To demonstrate the outstanding performance of our proposed method, we here implement k-fold CV with the other three types of profiles and without profile. The results are listed in Table 1. The corresponding ROC curves were plotted in Fig. 2. From the results of 2-fold CV, the AUCs are at 0.8306 ± 0.0037 (no profile), 0.8378 ± 0.0033 (expression profile), 0.8389 ± 0.0031 (bio-function), and 0.8515 ± 0.0031 (sequence), respectively. From the results of 5-fold CV, the AUCs are at 0.8806 ± 0.0020 (no profile), 0.8903 ± 0.0021 (expression profile), 0.8890 ± 0.0022 (bio-function), and 0.8515 ± 0.0031 (sequence), respectively. Also, p values between our proposed method and the methods with the other three types of profiles and without profile are calculated at 3.4646e−154 (no profile), 1.6730e−95 (expression profile), 1.0972e−107 (bio-function) and 3.7514e−93 (sequence), respectively. From the results of 10-fold CV, the AUCs are at 0.8910 ± 0.0014 (no profile), 0.8903 ± 0.0021 (expression profile), 0.9008 ± 0.0018 (bio-function), and 0.9040 ± 0.0016 (sequence), respectively. From the results of LOO-CV, the AUCs are at 0.8997 (no profile), 0.9112 (expression profile), 0.9008 ± 0.0018 (bio-function), and 0.9123 (sequence), respectively.

Fig. 2
figure 2

ROC curves by implementing 5-fold CV on different profiles and no profile

From these results, the model without any profile yields the lowest AUC overall. From the results of the models based on different bio-profiles, sequence-based model performs well. It should be noticed that the collection of bio-profiles are incomplete except the sequence information, which indicated that the lack of information tends to lead to a low AUC. From the 5-fold results, the p values are lower than 0.05, which indicates our method has better performance than those methods.

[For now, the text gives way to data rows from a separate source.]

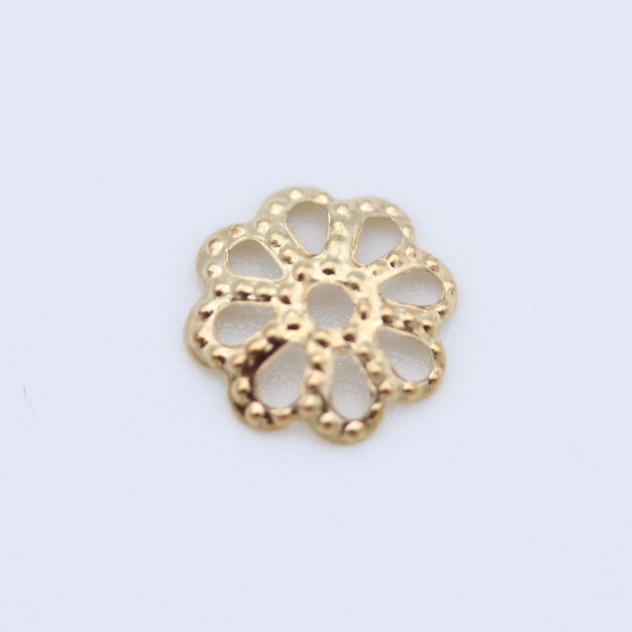【100個パック】アクセサリー用 座金【直径7mm, シャンパンゴールド色】sgy-1685-100p(手芸用パーツ アクセサリー パーツ 手芸 手芸材料 花座 菊座金 ビーズ ネックレス ブレスレット リング ゴールド 金色)
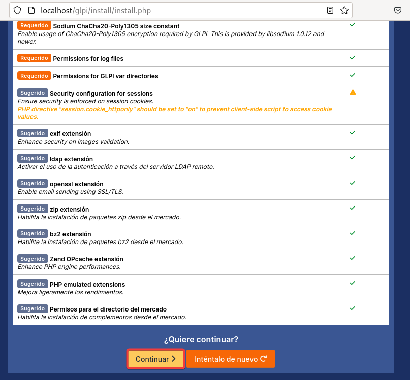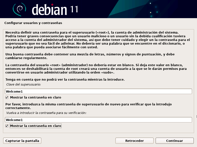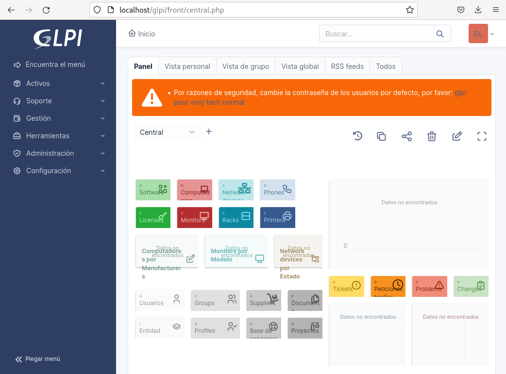 Aquí nos aparecerá un warning porque es recomendable cambiar las contraseñas de los usuarios.
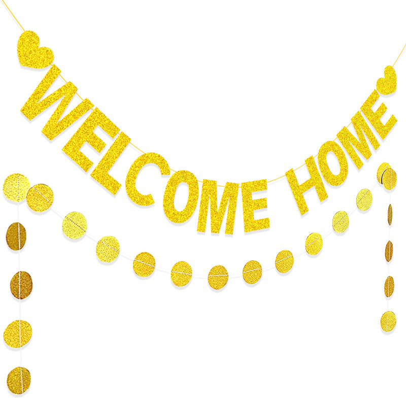 Bienvenido a casa baby shower amor brillo guirnalda partido cadena redonda bandera
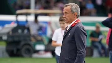 Voici la réaction du chef d'équipe de la France Philippe Guerdat après la première manche de la ...
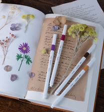 uni-ball Feutres EMOTT, set de 5 “Secret Garden” – encre pigmentée à base d’eau, inaltérable, pointe ultra- résistante blanche, largeur de tracé: 0,4 mm, corps carré blanc, zone de préhension de la couleur du tracé, contenu: 5 feutres (PEMSY/5 20) pour colorer, dessiner et écrire assorti dans les couleurs: pine green (77), fuchsia (11), red wine (60), cork (29), dark brown (22)
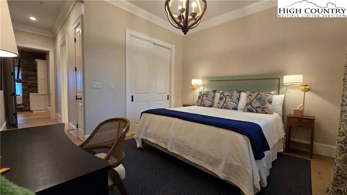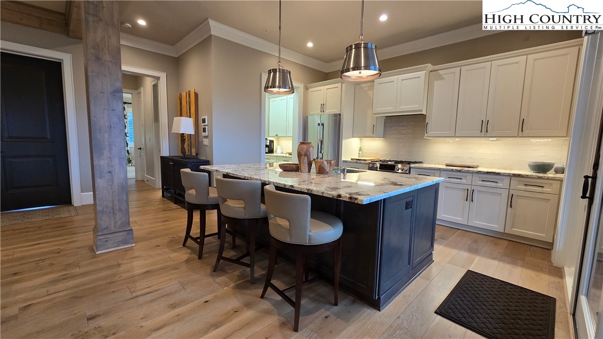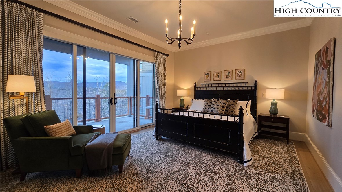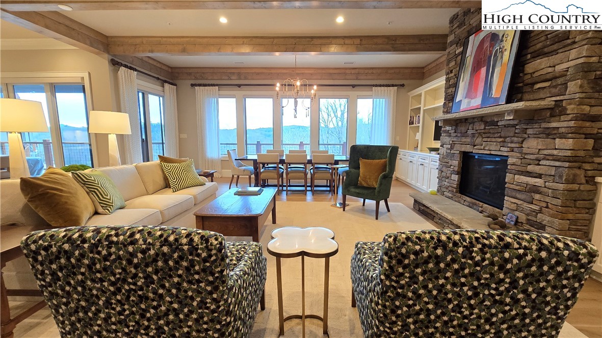 Welcome to refined luxury at Chestnut at Blowing Rock, where timeless mountain charm meets modern elegance. This stunning luxury condominium with great mountain views offers an exceptional lifestyle in one of North Carolina’s most beloved mountain towns. Step inside to an open, airy living space highlighted by spacious high ceilings, heavy beams, natural finishes, and a lovely stone fireplace. Expansive windows flood the home with light while perfectly framing breathtaking views of the Blue Ridge Mountains and Moses Cone Memorial Park. The gourmet kitchen is a true showstopper, featuring high-end appliances, custom cabinetry and finishes —ideal for both everyday living and entertaining. Just beyond, a spacious covered balcony with built-in grilling area invites you to relax with morning coffee or host evening gatherings while enjoying fantastic mountain and Moses Cone Manor views. This beautifully designed residence offers three spacious bedrooms, each with its own ensuite bath—perfect for family and guests alike. The primary suite is a private retreat, complete with a luxurious bath, large vanity, large closet and direct access to a covered terrace where you can savor the fantastic mountain views and enjoy the cool mountain breezes. The heated, oversized two-car garage and storage room are easily accessed by the spacious elevator that opens just steps from your front door. Viewings are offered exclusively by appointment.
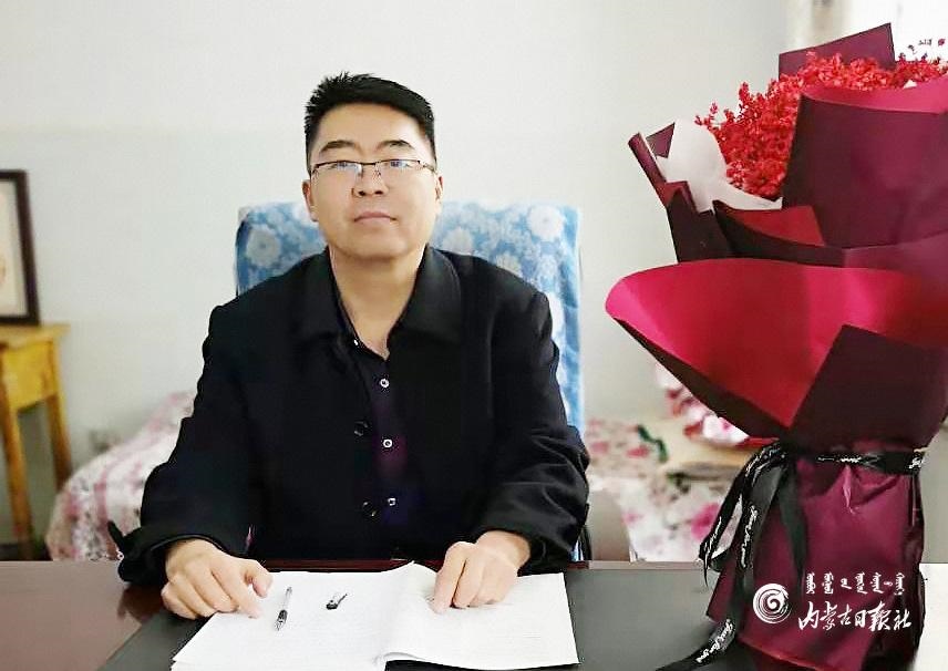 土默特右旗薩二中教師喬炳光接受采訪。
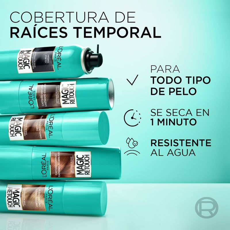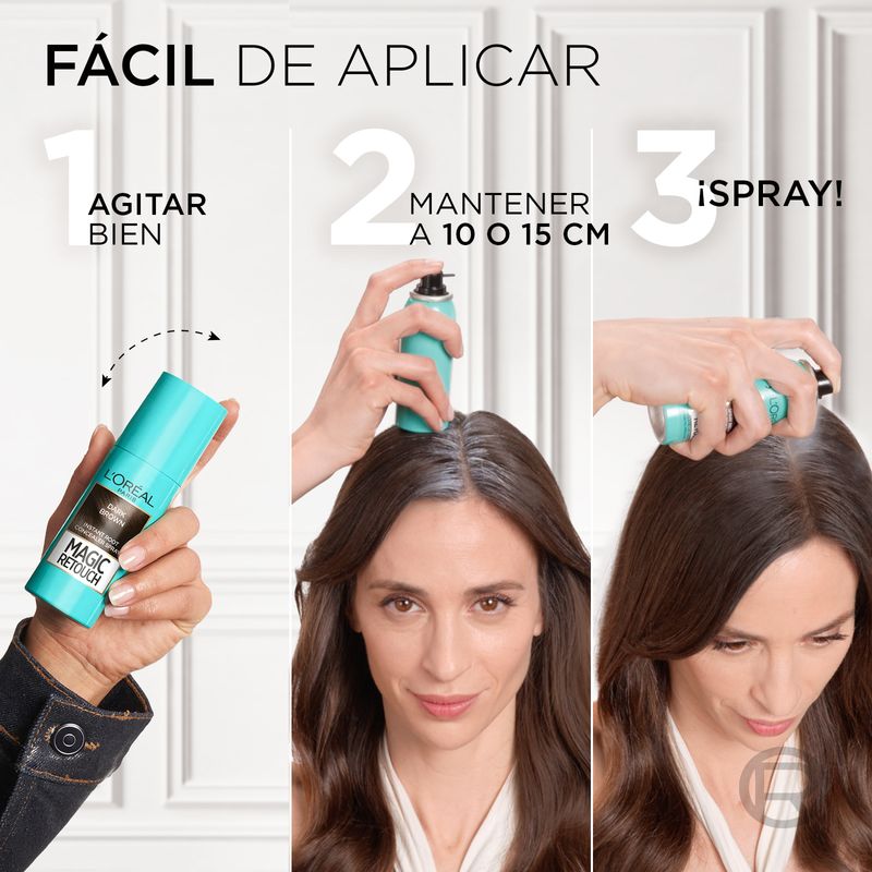 Cubre raíces y canas para un efecto recién teñido al instante. 9 de cada 10 compradoras lo recomiendan. Es rápido, fácil y universal. Es rápido porque cubre raíces y canas al instante. Además es fácil gracias a su micro-difusor ultra preciso. Por último es universal porque se adapta a cualquier color, de rubio claro a negro. Aplícalo sobre tus raíces, contorno de la cara y/o sienes y decile adiós al efecto raíz en sólo 3 segundos.
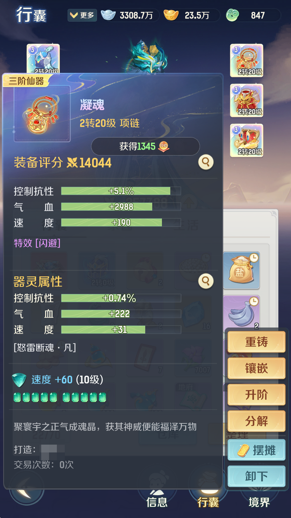 3阶套,4件奔雷器灵套,如意1.5,金票2500

Comparison with different prediction methods

To better illustrate the good performance of our proposed method, the current widely used prediction methods were introduced for comparison, including LCBNI [46], LNRLMI [47], LMNLMI [48], INLMI [50], and EPLMI [49]. Yu et al. proposed a method named LCBNI to predict interactions between miRNAs and lncRNAs by employing a resource allocation algorithm combined with the sequence-based similarity of RNAs. LNRLMI method was proposed to apply the co-expression mechanism in a miRNA–lncRNA interaction network to construct the expression profile-based similarity and integrate that for prediction. LMNLMI method was first proposed to integrate three types of biological profiles relating to biological function, sequence information, and expression. INLMI employed a non-negative matrix factorization method on an integrated network utilizing interaction profile, sequence information-based, and expression profile-based similarities. EPLMI was first proposed to predict miRNA–lncRNA interactions by using a two-way diffusion model based on the expression profiles of miRNA and lncRNA.

From the 5-fold CV experiment results listed in Table 2, LNRLMI and EPLMI achieved the average AUCs at 0.8960 and 0.8447, respectively. And, LCBNI, LMNLMI and INLMI achieved the best AUCs at 0.8982, 0.8926 and 0.8517, respectively. Our proposed method yielded the best AUC at 0.9090 and the average AUC at 0.9053. The outperformance of our proposed method indicated that it can be a better method for inferring miRNA–lncRNA interactions.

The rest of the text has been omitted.